__Task to complete__.
Copy the lines below, word for word, from the first through the line containing "1-Plot size is". Leave the pictures out.

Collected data
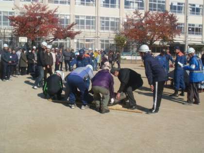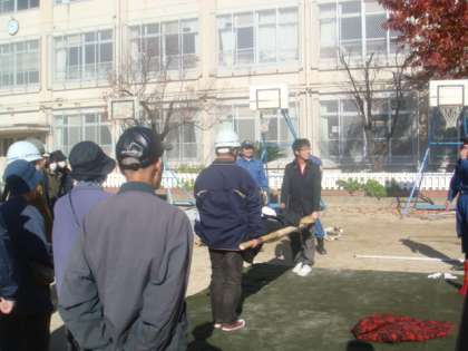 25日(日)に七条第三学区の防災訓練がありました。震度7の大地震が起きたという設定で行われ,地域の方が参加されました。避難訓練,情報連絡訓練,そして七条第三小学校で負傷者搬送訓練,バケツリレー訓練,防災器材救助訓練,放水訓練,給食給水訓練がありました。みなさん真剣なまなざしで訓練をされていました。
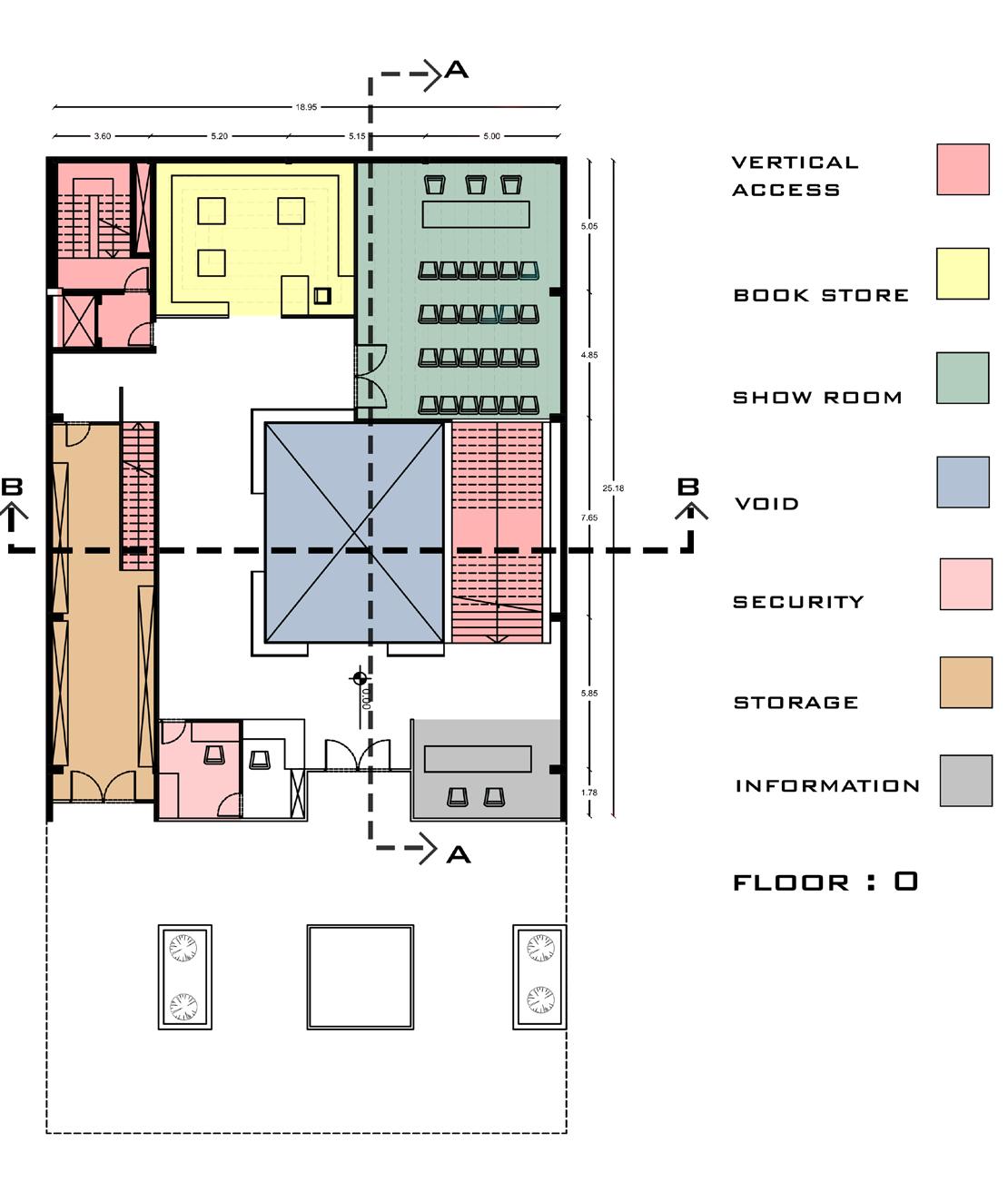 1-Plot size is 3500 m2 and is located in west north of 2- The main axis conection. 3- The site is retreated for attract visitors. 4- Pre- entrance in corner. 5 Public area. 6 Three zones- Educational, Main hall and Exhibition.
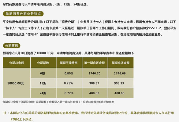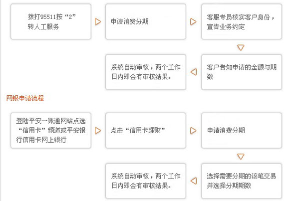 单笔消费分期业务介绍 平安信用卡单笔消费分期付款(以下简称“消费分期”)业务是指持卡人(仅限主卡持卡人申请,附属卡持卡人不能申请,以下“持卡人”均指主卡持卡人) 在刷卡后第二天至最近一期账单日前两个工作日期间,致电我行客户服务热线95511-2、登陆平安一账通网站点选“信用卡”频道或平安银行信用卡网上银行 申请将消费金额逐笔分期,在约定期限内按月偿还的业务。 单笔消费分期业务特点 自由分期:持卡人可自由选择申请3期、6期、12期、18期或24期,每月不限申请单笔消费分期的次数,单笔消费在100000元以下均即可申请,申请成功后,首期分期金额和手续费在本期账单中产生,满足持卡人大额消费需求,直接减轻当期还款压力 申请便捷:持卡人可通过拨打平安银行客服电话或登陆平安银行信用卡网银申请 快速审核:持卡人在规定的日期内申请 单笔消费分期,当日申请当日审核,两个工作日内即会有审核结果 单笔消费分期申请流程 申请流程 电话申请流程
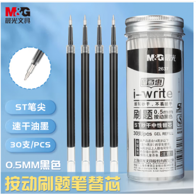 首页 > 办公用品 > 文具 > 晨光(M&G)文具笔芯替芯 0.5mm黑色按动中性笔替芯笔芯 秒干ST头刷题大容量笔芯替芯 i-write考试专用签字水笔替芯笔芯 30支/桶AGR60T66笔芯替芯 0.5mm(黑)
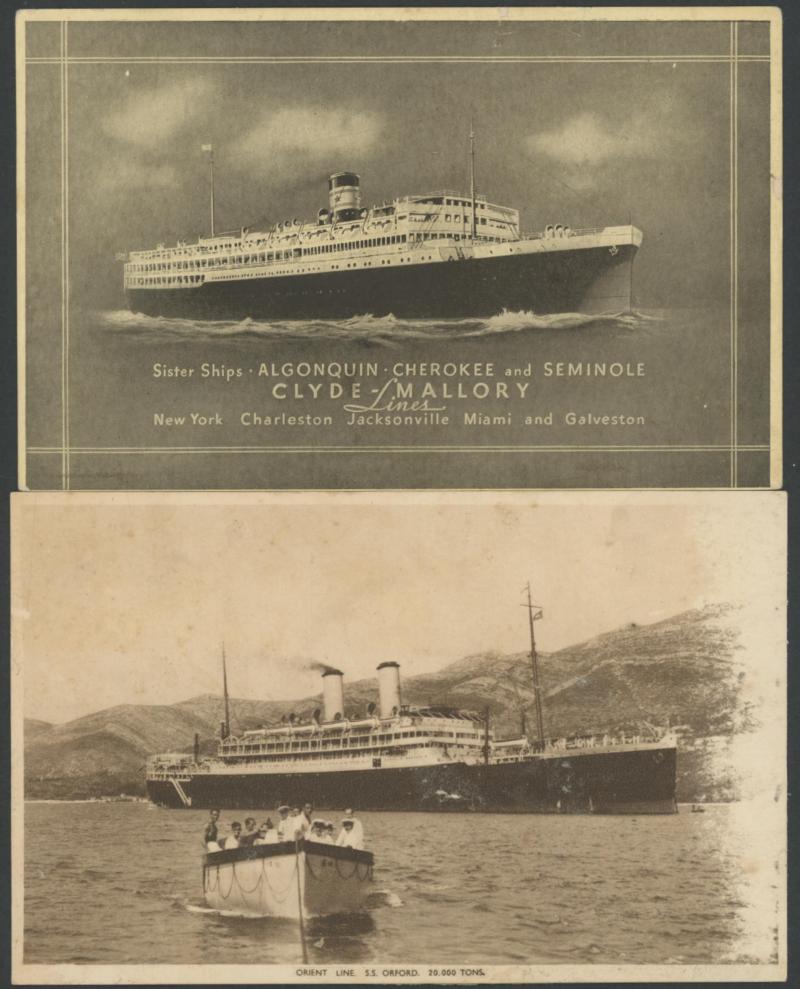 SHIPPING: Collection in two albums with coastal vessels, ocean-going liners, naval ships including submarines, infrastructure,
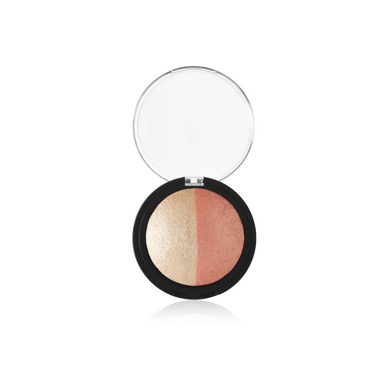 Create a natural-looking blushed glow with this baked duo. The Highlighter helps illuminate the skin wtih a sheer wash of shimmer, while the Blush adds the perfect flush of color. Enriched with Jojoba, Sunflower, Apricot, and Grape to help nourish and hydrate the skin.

__Written solution__.
 25日(日)に七条第三学区の防災訓練がありました。震度7の大地震が起きたという設定で行われ,地域の方が参加されました。避難訓練,情報連絡訓練,そして七条第三小学校で負傷者搬送訓練,バケツリレー訓練,防災器材救助訓練,放水訓練,給食給水訓練がありました。みなさん真剣なまなざしで訓練をされていました。
 1-Plot size is 3500 m2 and is located in west north of 2- The main axis conection. 3- The site is retreated for attract visitors. 4- Pre- entrance in corner. 5 Public area. 6 Three zones- Educational, Main hall and Exhibition.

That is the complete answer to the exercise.